Our economy will become larger and more complex as the population grows, consumes more and our definition of ‘basic needs’ changes and broadens with more sophistication. We all gain and become richer as we receive bigger portions of a much bigger pie, so to speak. The landlords with their properties will have access to more bank finance and a larger and more structured customer base which will be clearly identifiable and able to pay higher monthly rent. They make even more money. The politician will also take the credit for economic growth general well-being of the populace. This translates into more votes and support for them.

Generally, effecting change in long established cultural or social-economic relationships is a very tough endeavor. However, when those who control state power, and are invested with directing affairs of the country, clearly understand what constitutes the core strategic economic development driver they will work assiduously to effect the necessary changes. They will work to overcome resistance by lobbyists and apologists of selfish interests by building consensus between the different parties or stakeholders.  They will cater for their different and unique special interests and associated levels of power, by clearly demonstrating how everything and everyone fits into the economic jigsaw puzzle so we optimize system as a whole. Both the landlord and the rentee win. The advanced countries have achieved high levels of development because they understand the principles underlying this perspective. Ghana can and should do this quickly as well.
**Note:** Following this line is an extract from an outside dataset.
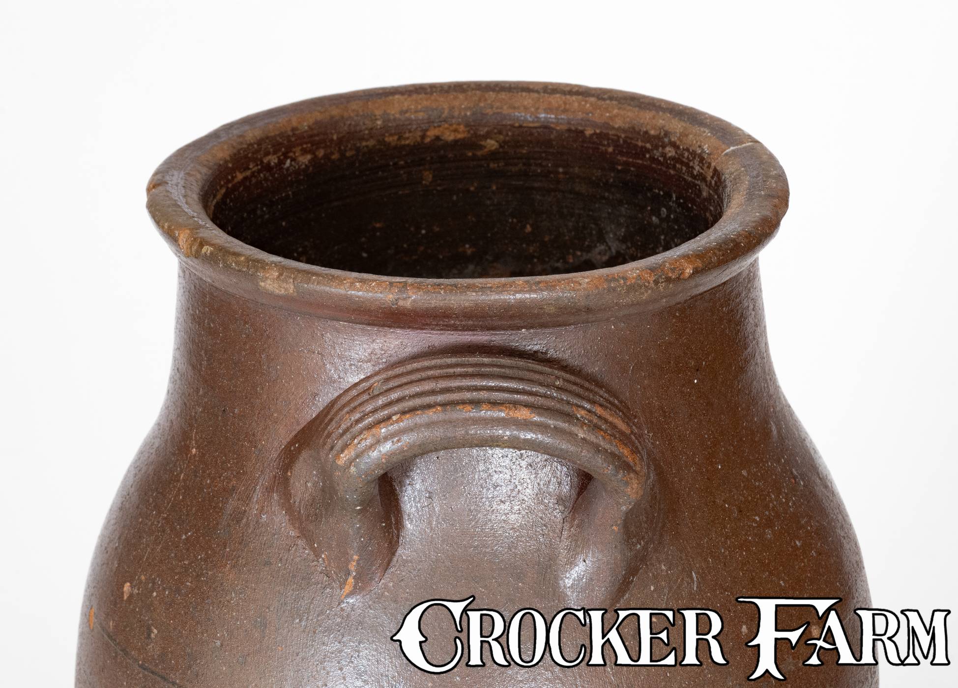 Salt-Glazed Stoneware Jar, attributed to the Hinkle-Mort Pottery, Jefferson County, TN, circa 1850-1870, ovoid jar with tall collar, flared rim, and heavily-ribbed handles with depressed terminals. In her notes, Wahler states, "Sherds from the Jefferson County site exactly match the handles, glaze and body. . . Steve and Sam have found that Aaron Mills was potting at this site around 1860. I believe this piece is before his time. . . I have purchased another jar '06 which is a match except for a wider mouth. Same potter. Another of this form with these handles sold at Case 2011 while this exhibit was ongoing. It came from the Mort family who lived on site." Exhibited: Tennessee Turned, Earthenware and Stoneware Made in East Tennessee 1800-1900, Museum of East Tennessee History, May 16-October 30, 2011. Literature: Illustrated in Wahler, Tennessee Turned, Earthenware and Stoneware Made in East Tennessee 1800-1900, Part One, p. 93, fig. 97, p. 206, fig. 97. Rim chips. Two thin cracks from rim, measuring 4 1/4" and 2 3/4". Both handles with small chips and wear. A crack across underside, extending 2 1/2" up base in one place and forming a 5 1/2" Y ascending base elsewhere. Shallow chipping to base. Some surface wear. H 12 3/4".

It is important to note that anchoring development on the ‘economic perspective’ as detailed above ensures that we quickly achieve the goals of the human rights, social, moral, ethical and humanitarian and political perspectives as well concurrently.

Consumption is the key driver for development at this moment in Ghana’s history. As long as we do not understand this we will continue to fail to change the plight of the ordinary worker, extricate ourselves from our economic bondage or eradicate poverty and unnecessary suffering. ‘Ghana beyond aid’ will remain a pipe dream!!!